Other targets identified in the tumor vasculature include EZH2 and focal adhesion kinase (FAK). EZH2 has been identified as a key regulator of tumor angiogenesis. EZH2 silencing in the tumor-associated endothelial cells using siRNA resulted in significant growth inhibition in an orthotopic ovarian cancer model. EZH2 silencing in tumor endothelial cells also resulted in decreased angiogenesis¹⁰³. FAK plays a critical role in ovarian cancer cell survival and in various steps in the metastatic cascade. Treatment with FAK siRNA-DOPC plus docetaxel resulted in decreased microvessel density, decreased expression of VEGF and matrix metalloproteinase-9, and increased apoptosis of tumor-associated endothelial cells and tumor cells¹⁰⁴. As research into the field of angiogenesis continues to rapidly advance, more molecular targets will be identified and new anti-angiogenesis targets will be available to combat tumor growth.

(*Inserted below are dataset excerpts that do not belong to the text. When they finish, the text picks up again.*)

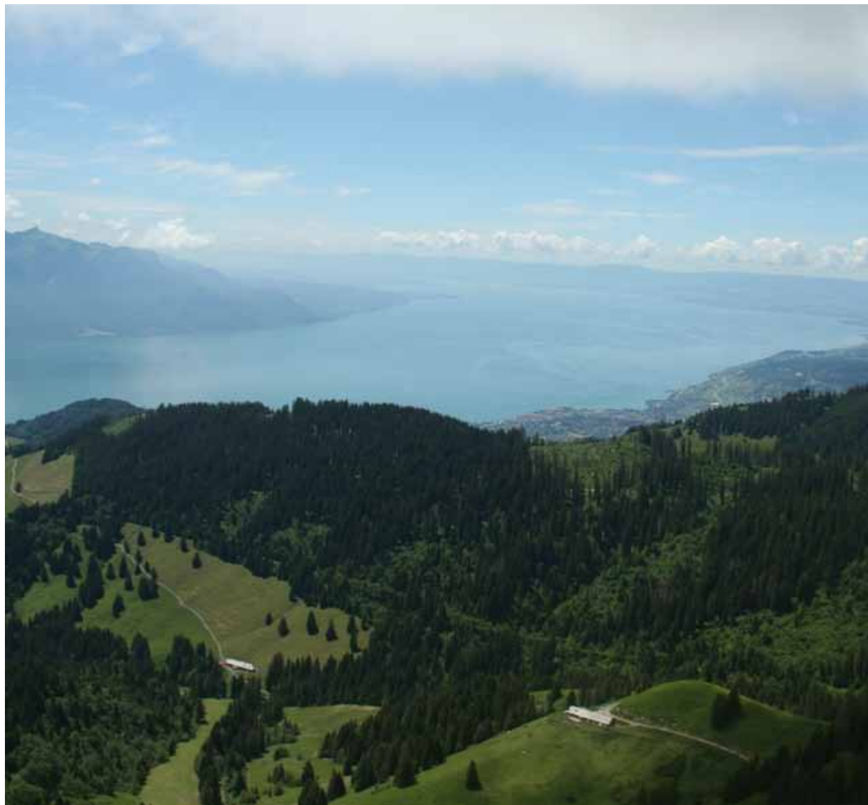
Forêts, alpages et chalets (Soladier et Les Pontets) sur fond de lac Léman
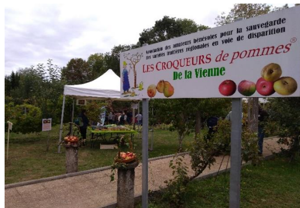
25IEME ANNIVERSAIRE DE L'ASSOCIATION INAUGURATION DU JARDIN DES CROQUEURS
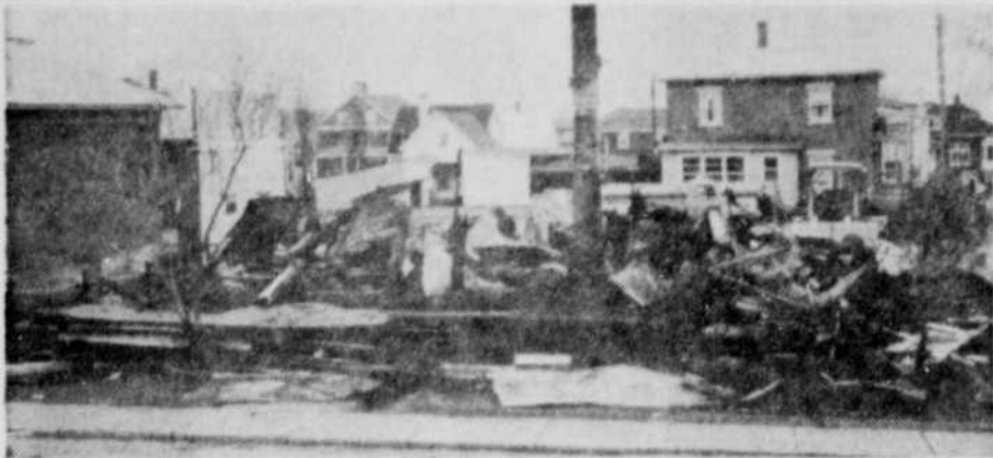
LOURDES PERTES A WARWICK — Des pertes que l'on estime à plus de $10,000 ont été rapportées à la suite d'un incendie qui s'est déclaré dans la nuit de jeudi à vendredi, à Warwick.
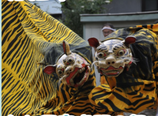
台ヶ原宿虎頭の舞
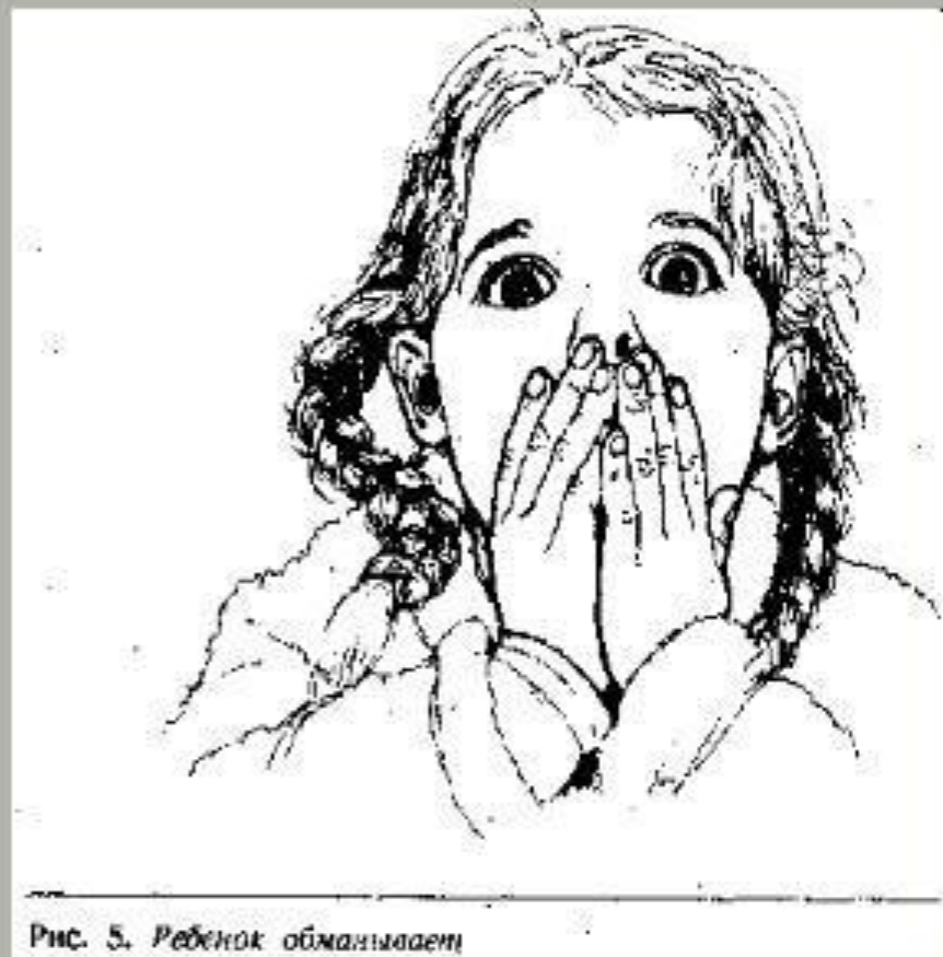
Рис. 5. Ребенок обманывает
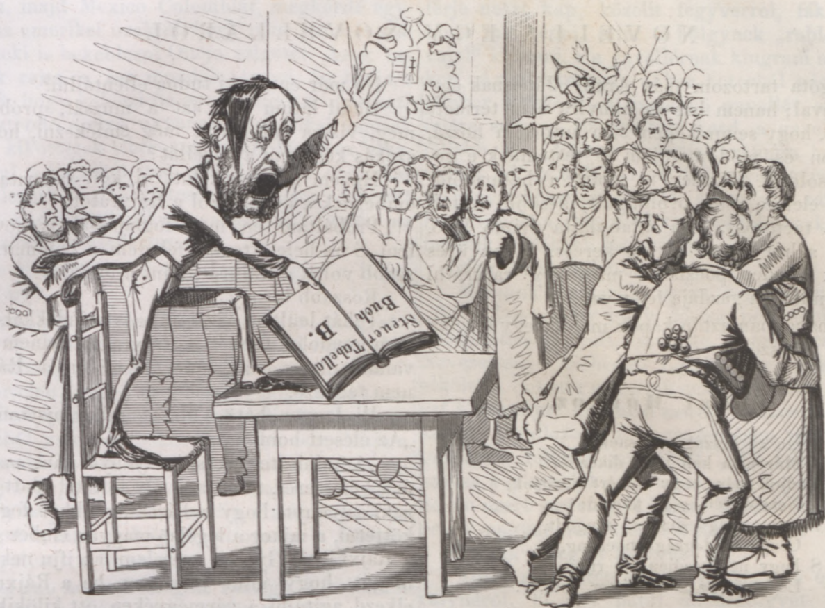
Ez meg a jobban értesült nép.
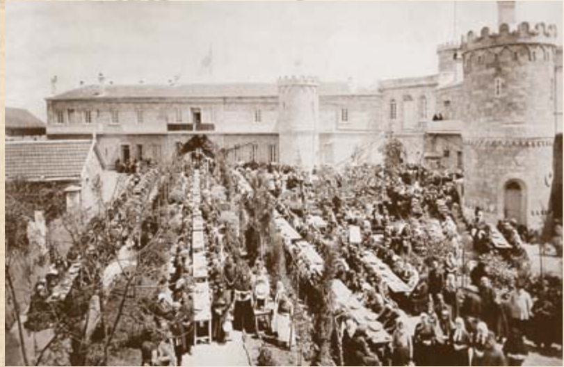
Пасхальное разговение во дворе Сергиевского подворья Императорского Православного Палестинского Общества в Иерусалиме. Конец XIX века
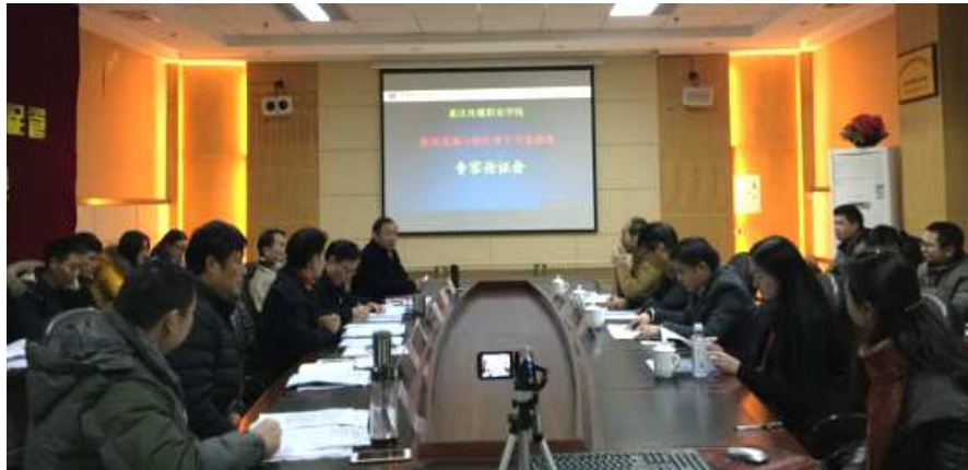
图 11 重庆市骨干专业建设项目专家论证会 2
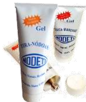
20609-TIRA NODOAS NODET 95 ml. Cx.12
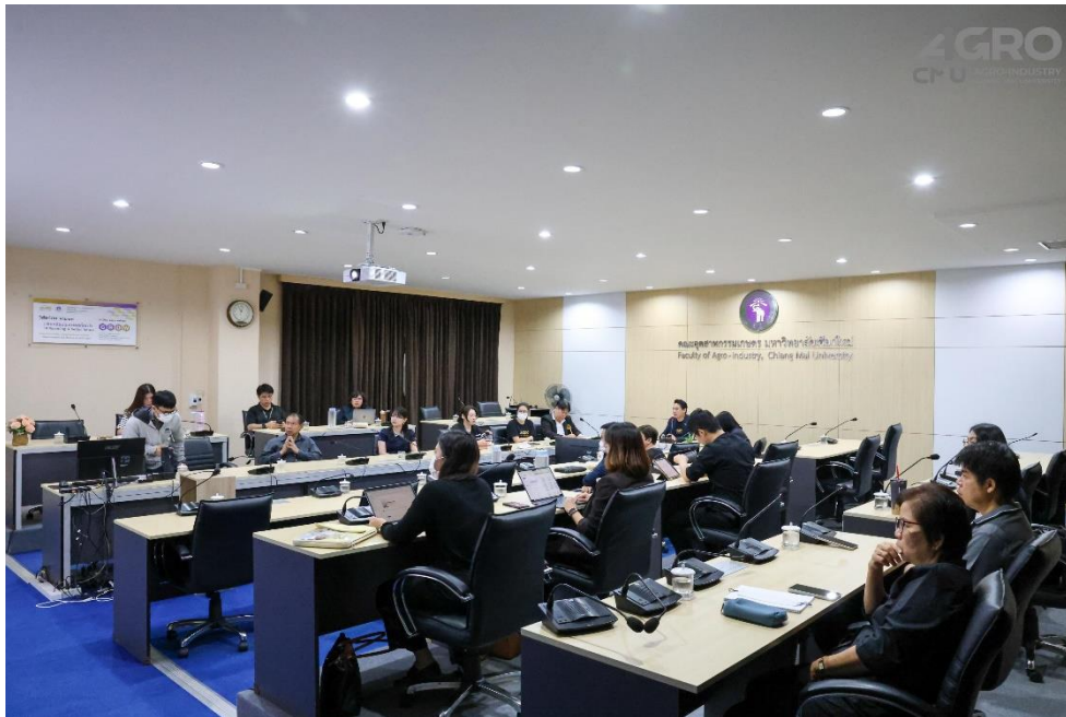
ข่าวกิจกรรม ที่ลิงค์ https://www.agro.cmu.ac.th/th/news/3526
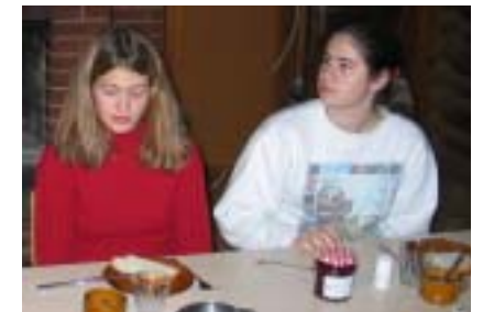
Es hät au Zyt gäh zum sini Gedanke schweife looh
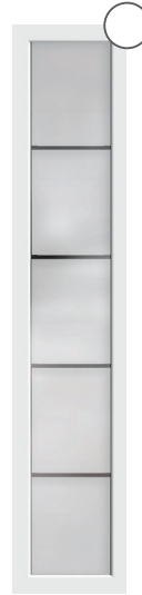
G-5004** mattiertes Glas mit 4 klaren Streifen***, waagerecht
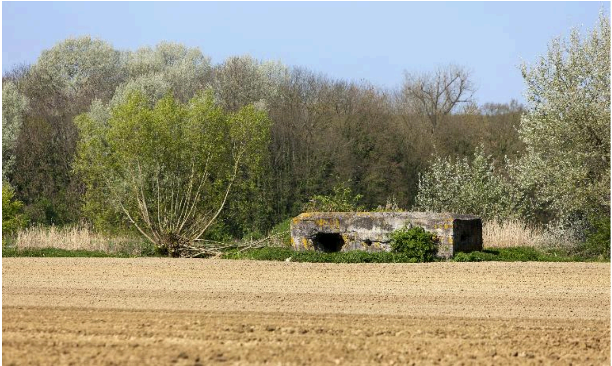
Vue générale vers le nord-ouest
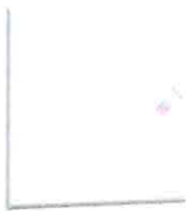
Singapor 09 Calze Sport
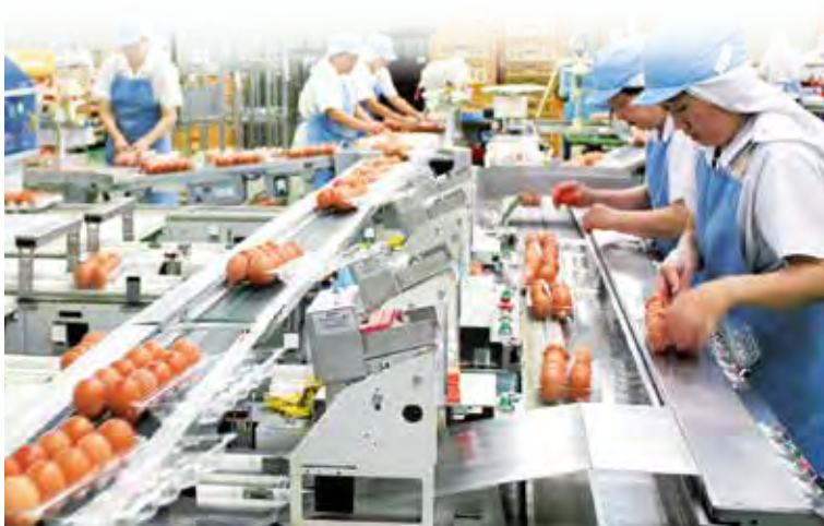
パッキング工場ライン
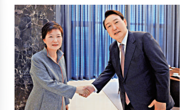
▲尹錫悅（右）2022年4月與朴槿惠會面。資料圖片

2016年10月，韓媒曝出朴槿惠閹割崔順實干預國政。同年12月，韓國國會通過針對朴槿惠的彈劾動議案，朴槿惠被停職。2017年1月，憲法法院啟動彈劾案審理程序，共舉行4次聽證會，朴槿惠始終沒有出席。2017年3月10日，憲法法院通過彈劾案，朴槿惠被罷免，失去司法豁免權；3月31日，首爾中央地方法院簽發逮捕令。朴槿惠當時在檢察院，逮捕令簽發後立即被捕。
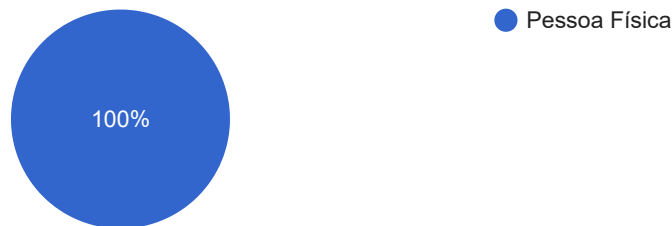
Solicitantes - Tipo de Pessoa
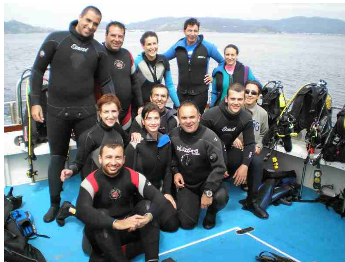
Porto do Son
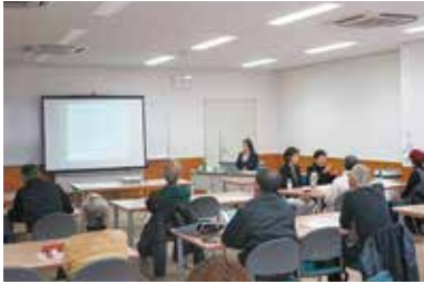
成年後見制度市民講座 2/18 (火) 玉穂総合会館
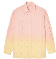
SFPCM00838 E23ARICIE 265€ / 178€ €299 / £201
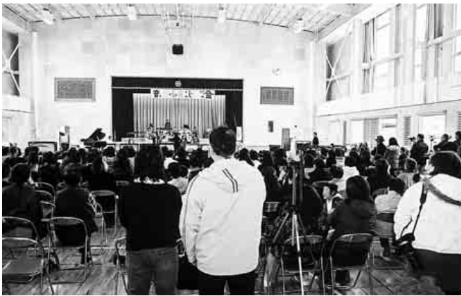
デカイくちで唱ってる

当日は、昨年12月に完成したばかりの広々と明るい体育館で、児童がこの日のために練習してきた合唱・合奏を披露しました。体育館に集まった大勢の保護者も、児童達の元気いっばいのかわいい歌声、美しいハーモニーに合わせてリズムを取りながら聞き入っていました。また、発表が終わるたびにビデオ・カメラの撮影の手を止めて、大きな拍手を送っていました。
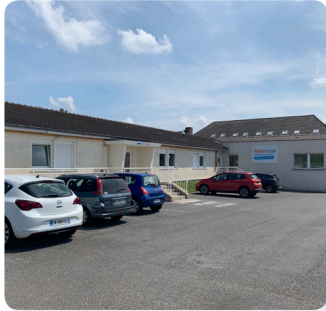
Site de Noyon

AMG 386 is an investigational, angiopoietin antagonist peptide-Fc fusion protein that selectively binds Ang1 and Ang2, prevents their interaction with Tie2 and inhibits tumor endothelial cell proliferation and tumor growth¹⁰⁵. Results from a randomized, double blind, placebo-controlled Phase II study to evaluate the safety and tolerability of AMG 386 (3 or 10 mg/kg i.v., weekly) in combination with paclitaxel (80 mg/m² i.v., weekly (3 weeks on/1 week off)) in patients with advanced recurrent epithelial ovarian, primary peritoneal or fallopian tube cancer were recently presented at the ASCO 2010 annual meeting. The addition of AMG 386 to paclitaxel demonstrated dose–responsive improvements in PFS together with a manageable safety profile distinct from that of VEGF inhibition¹⁰⁶. Cabozantinib (XL-184) is an oral, potent inhibitor of MET and VEGFR2. MET over-expression has been observed in variety of solid tumors including advanced ovarian cancer¹⁰⁷. MET drives more invasive and aggressive behavior of tumor cells, resulting in metastasis^107,108_ENREF_108. MET is further upregulated by the hypoxic conditions created by VEGF pathway inhibitors, which leads to promotion of metastasis^107,108. Results from a phase II trial of cabozantinib (100 mg/daily orally over 12 weeks) with advanced progressive epithelial ovarian cancer showed a high clinical response (overall 24%)¹⁰⁹. Due to these promising results, AMG 386 and cabozantinib are entering phase III trials.

Conclusion

Anti-angiogenic drugs have shown promise for treatment of gynecological cancers in phase II and phase III trials. A number of targets in angiogenesis pathways have been identified and drugs targeting these areas have been and are under evaluation. Currently, bevacizumab especially in ovarian cancer seems to hold the most promising results. Whether other agents such as aflibercept or small molecule tyrosine kinase inhibitors will have similar or better success requires additional work.

Unfortunately, the clinical responses to anti-angiogenesis drugs have been transitory, followed by progressive disease. This is likely due to inherent or acquired resistance to such drugs¹¹⁰. Therefore, an important area of ongoing research involves identification of reliable predictive markers and understanding the mechanisms of resistance to anti-angiogenesis agents^108,111,112. We expect that a deeper understanding of such biology will result in better therapeutic approaches that can improve the outcome of patients suffering from gynecologic or other malignancies.

• Recent insights at the molecular and cellular levels are paving the way for a more directed approach to target mechanisms driving tumorigenesis, such as angiogenesis.

• Anti-angiogenic drugs have shown promise for treatment of gynecological cancers in phase II and phase III trials.

• Clinical responses to anti-angiogenesis drugs have been transitory, followed by progressive disease likely due to acquired resistance to such drugs.